WHAT TO DO -
Keep the images out while you set down the data exactly.

DATA SECTION -
·····
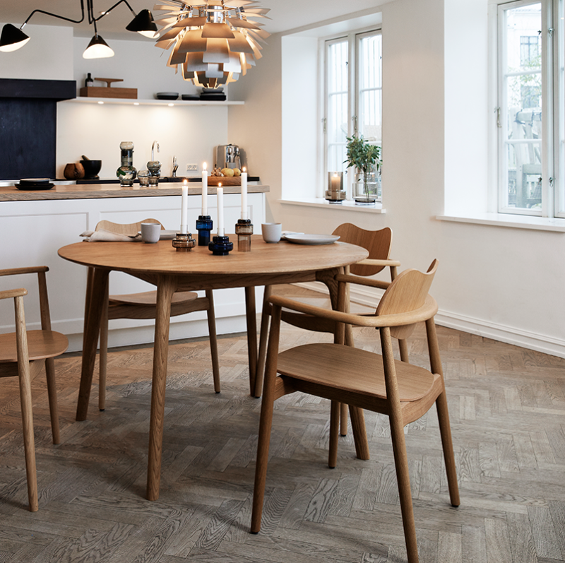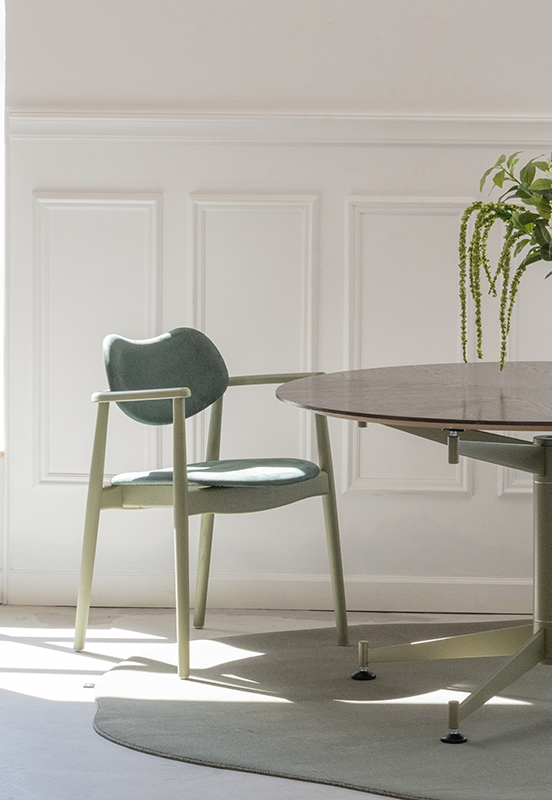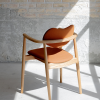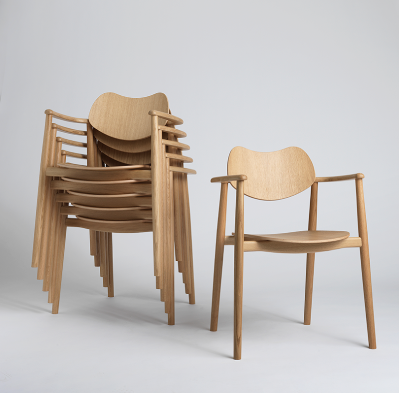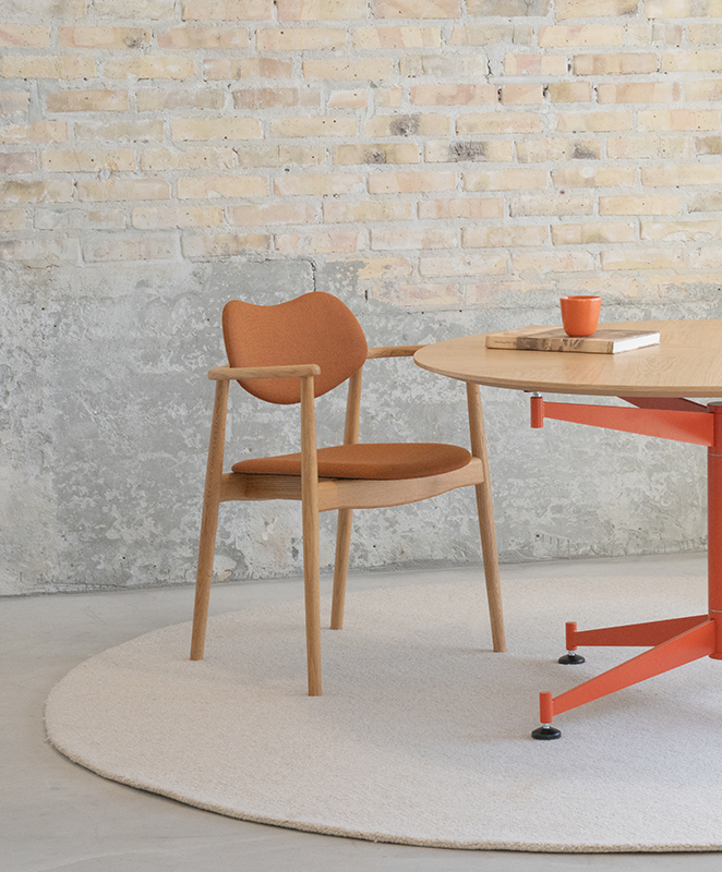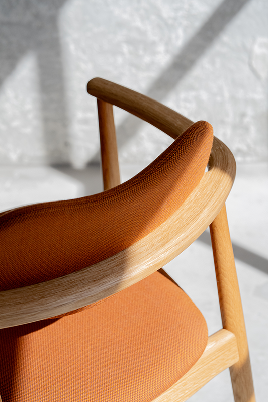 Regatta er en robust og stilren stol i massivt egetræ eller bøgetræ, designet med fokus på både kvalitet og holdbarhed. Stolen har integrerede armlæn, et behageligt sæde og en solid stelkonstruktion, hvor proportioner og detaljer er nøje afstemt.
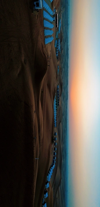 这张摄影作品展现了沙漠营地的壮观景象,构图巧妙地利用了地平线将画面分割成两个主要部分:一半是绵延起伏的沙丘,另一半是渐变的天空。光影的处理恰到好处,沙丘在夕阳的照射下呈现出丰富的层次,明暗对比鲜明,增强了画面的立体感和视觉冲击力。色彩方面,暖色调的沙丘与冷色调的天空形成了对比,营造出一种宁静而神秘的氛围。主题上,作品展现了人类在自然环境中的存在,以及与自然和谐共生的主题,具有一定的思考深度。总的来说,这张照片的构图、光影和色彩都处理得相当出色,成功地营造出一种独特的氛围,是一幅值得欣赏的作品。
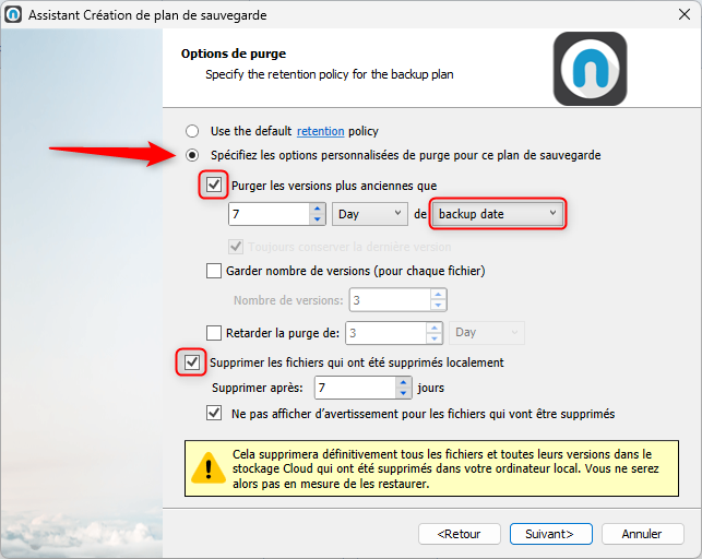 - Sélectionnez « Purger les versions plus anciennes que » et renseignez le nombre de jours/semaines/mois convenus contractuellement. Attention à sélectionner « Backup date ».
·····
ANSWER TO THE EXERCISE -
 Regatta er en robust og stilren stol i massivt egetræ eller bøgetræ, designet med fokus på både kvalitet og holdbarhed. Stolen har integrerede armlæn, et behageligt sæde og en solid stelkonstruktion, hvor proportioner og detaljer er nøje afstemt.
 这张摄影作品展现了沙漠营地的壮观景象,构图巧妙地利用了地平线将画面分割成两个主要部分:一半是绵延起伏的沙丘,另一半是渐变的天空。光影的处理恰到好处,沙丘在夕阳的照射下呈现出丰富的层次,明暗对比鲜明,增强了画面的立体感和视觉冲击力。色彩方面,暖色调的沙丘与冷色调的天空形成了对比,营造出一种宁静而神秘的氛围。主题上,作品展现了人类在自然环境中的存在,以及与自然和谐共生的主题,具有一定的思考深度。总的来说,这张照片的构图、光影和色彩都处理得相当出色,成功地营造出一种独特的氛围,是一幅值得欣赏的作品。
 - Sélectionnez « Purger les versions plus anciennes que » et renseignez le nombre de jours/semaines/mois convenus contractuellement. Attention à sélectionner « Backup date ».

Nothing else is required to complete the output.